The CHAR (as in “character”) function is a pretty cool weapon as well. You can specify which characters you want to target, even if they’re weird characters, numbers, letters, or paragraph breaks. You’ll see why this is important shortly.

Examples of Random Characters and their character numbers

  • Lowercase “t” = Character Number 116
  • Uppercase “T” = Character Number 84
  • Paragraph Break = Character Number 10

These character numbers allow Excel to target very specific parts of text strings.

Problem:

Remove the second instance of a URL from a block of text

substitute function

Imagine we don’t need to show two instances of the same url in one cell. Let’s erase the second one using substitute

substitute function

Here’s the formula:

=SUBSTITUTE(E2,”DunderMifflin.com”,””,2)

Within E2, we’re substituting the string “DunderMifflin.com” with double quotes – “”. That means we’re essentially replacing the url with nothing.
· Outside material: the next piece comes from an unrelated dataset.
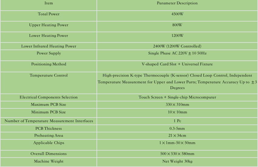 1. Simultaneous local hot air heating for BGA chips/PCB boards + bottom infrared preheating, avoiding PCB deformation; flexible combination of upper/lower temperature zones.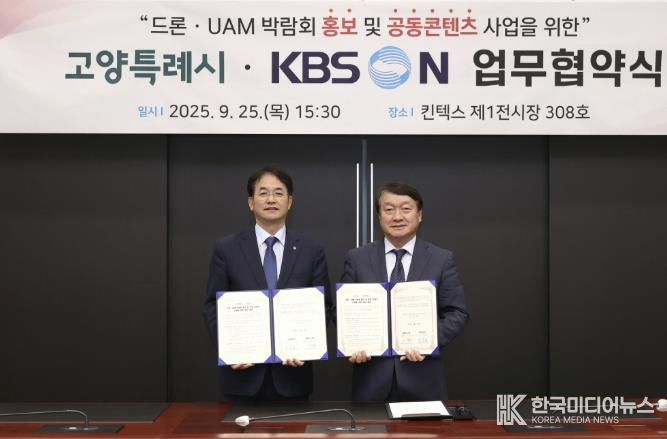 [ 한국미디어뉴스 문상수 기자 ] 고양특례시는 지난 25일 고양 킨텍스에서 KBS N과‘드론·도심항공모빌리티(UAM) 박람회 홍보 및 공동 콘텐츠 사업을 위한 업무협약(MOU)’을 체결했다고 밝혔다.

The 2 you see at the end of the formula signifies that we’re replacing the 2nd instance of the url and NOT the first.

While it may look like we’re done, you’ll can see a extra paragraph break that we haven’t replaced with anything yet. Let’s use our friend CHAR() to do that.

substitute function

Looks Good! Let’s analyze the code:

=SUBSTITUTE(E2,CHAR(10)&CHAR(10)&”DunderMifflin.com”,””)

This formula is close, but CHAR(10) is what Excel knows to mean a paragraph break. Using the ampersand sign is a quick way to concatenate two values together. So instead of looking for the url by itself, we’re looking for two paragraph breaks followed by the url, then replacing that entire block of text with nothing. Also note we no longer need the “2” inside of our formula because that block of text does not appear again.

While it may seem much easier to simply do a find and replace in this instance, the substitute function will come in very useful if you have to clean hundreds of rows at once during a deeper analysis. Further, I do not know of a way to delete a paragraph break using CTRL+H, so you’d still be left with huge paragraph breaks at the end of each block of text.